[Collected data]
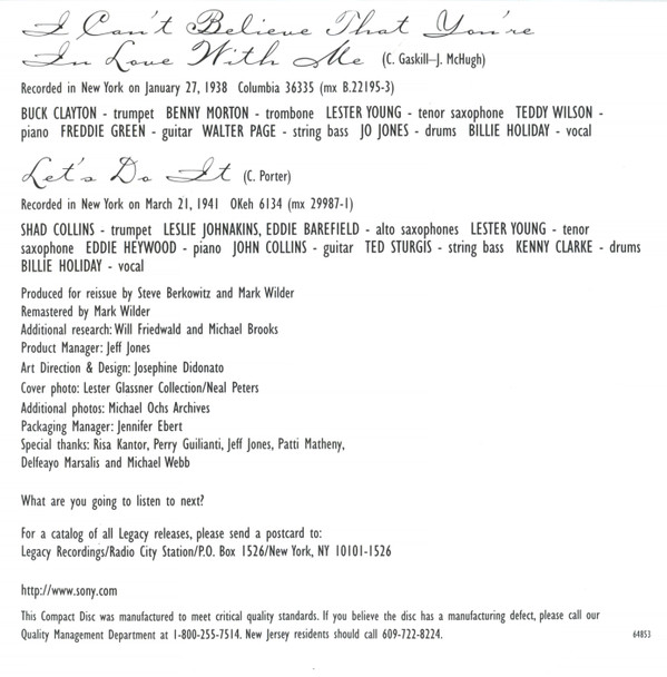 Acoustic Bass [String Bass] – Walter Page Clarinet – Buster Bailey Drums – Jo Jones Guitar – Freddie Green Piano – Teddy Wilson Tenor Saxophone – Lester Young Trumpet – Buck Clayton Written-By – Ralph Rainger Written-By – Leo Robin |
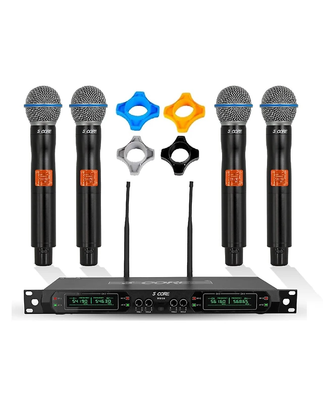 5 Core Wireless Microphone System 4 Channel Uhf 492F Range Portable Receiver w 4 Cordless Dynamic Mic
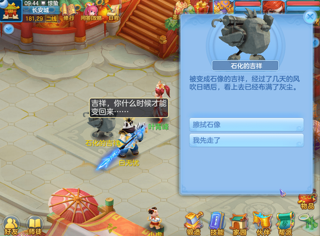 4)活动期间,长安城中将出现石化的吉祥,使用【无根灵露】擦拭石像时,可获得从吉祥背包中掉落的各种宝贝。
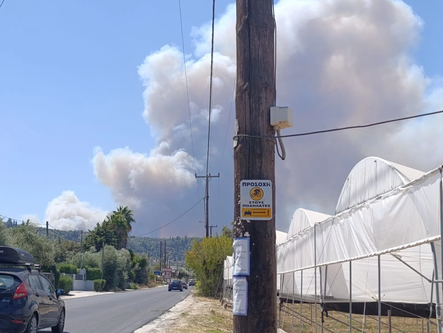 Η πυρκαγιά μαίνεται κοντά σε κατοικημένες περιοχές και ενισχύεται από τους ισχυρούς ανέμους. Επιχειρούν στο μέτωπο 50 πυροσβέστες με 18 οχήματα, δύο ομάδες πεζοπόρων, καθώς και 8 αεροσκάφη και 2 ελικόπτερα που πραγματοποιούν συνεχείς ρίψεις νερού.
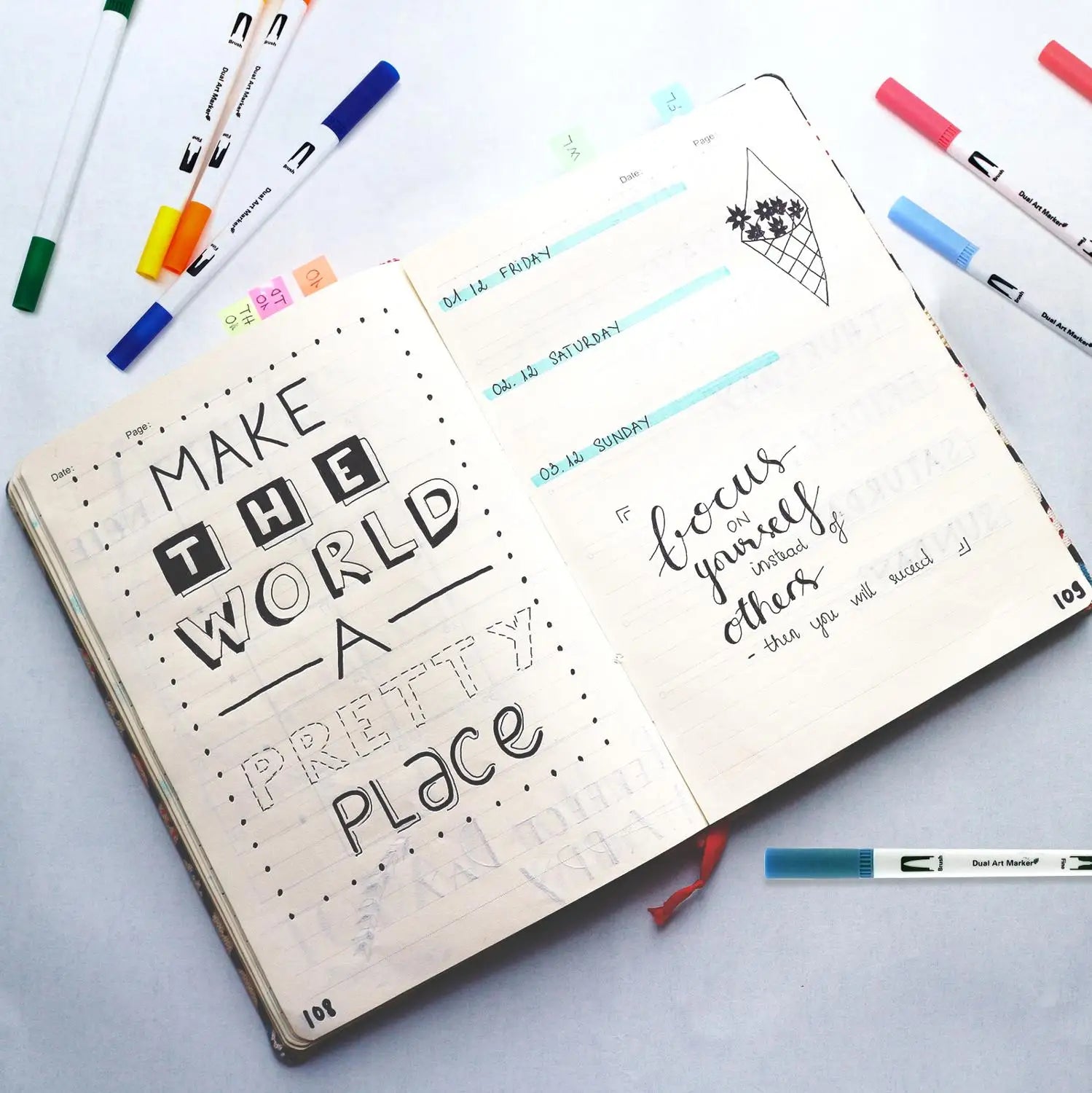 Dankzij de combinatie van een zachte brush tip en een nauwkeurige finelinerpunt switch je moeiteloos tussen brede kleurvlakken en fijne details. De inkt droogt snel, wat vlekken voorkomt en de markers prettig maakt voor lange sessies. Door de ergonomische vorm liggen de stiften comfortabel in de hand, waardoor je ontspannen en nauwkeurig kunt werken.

Work item —
Give the data above again exactly. Leave the pictures out.

Answer to the exercise —
 Acoustic Bass [String Bass] – Walter Page Clarinet – Buster Bailey Drums – Jo Jones Guitar – Freddie Green Piano – Teddy Wilson Tenor Saxophone – Lester Young Trumpet – Buck Clayton Written-By – Ralph Rainger Written-By – Leo Robin |
 5 Core Wireless Microphone System 4 Channel Uhf 492F Range Portable Receiver w 4 Cordless Dynamic Mic
 4)活动期间,长安城中将出现石化的吉祥,使用【无根灵露】擦拭石像时,可获得从吉祥背包中掉落的各种宝贝。
 Η πυρκαγιά μαίνεται κοντά σε κατοικημένες περιοχές και ενισχύεται από τους ισχυρούς ανέμους. Επιχειρούν στο μέτωπο 50 πυροσβέστες με 18 οχήματα, δύο ομάδες πεζοπόρων, καθώς και 8 αεροσκάφη και 2 ελικόπτερα που πραγματοποιούν συνεχείς ρίψεις νερού.
 Dankzij de combinatie van een zachte brush tip en een nauwkeurige finelinerpunt switch je moeiteloos tussen brede kleurvlakken en fijne details. De inkt droogt snel, wat vlekken voorkomt en de markers prettig maakt voor lange sessies. Door de ergonomische vorm liggen de stiften comfortabel in de hand, waardoor je ontspannen en nauwkeurig kunt werken.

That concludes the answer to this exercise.